### Material supplied:
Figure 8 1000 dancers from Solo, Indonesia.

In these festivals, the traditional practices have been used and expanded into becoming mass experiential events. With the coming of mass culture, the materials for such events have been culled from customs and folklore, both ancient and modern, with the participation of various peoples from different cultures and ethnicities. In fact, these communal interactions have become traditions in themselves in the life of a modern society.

---

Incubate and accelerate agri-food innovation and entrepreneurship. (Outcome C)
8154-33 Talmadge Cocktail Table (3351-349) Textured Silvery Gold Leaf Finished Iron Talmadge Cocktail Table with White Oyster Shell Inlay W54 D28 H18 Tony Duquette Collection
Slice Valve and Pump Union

### Task prompt:
Take the line above containing "Incubate and accelerate", the line containing "Slice Valve and Pump Union", and all lines in between, and copy them exactly without anything else.

### Exercise response:
Incubate and accelerate agri-food innovation and entrepreneurship. (Outcome C)
8154-33 Talmadge Cocktail Table (3351-349) Textured Silvery Gold Leaf Finished Iron Talmadge Cocktail Table with White Oyster Shell Inlay W54 D28 H18 Tony Duquette Collection
Slice Valve and Pump Union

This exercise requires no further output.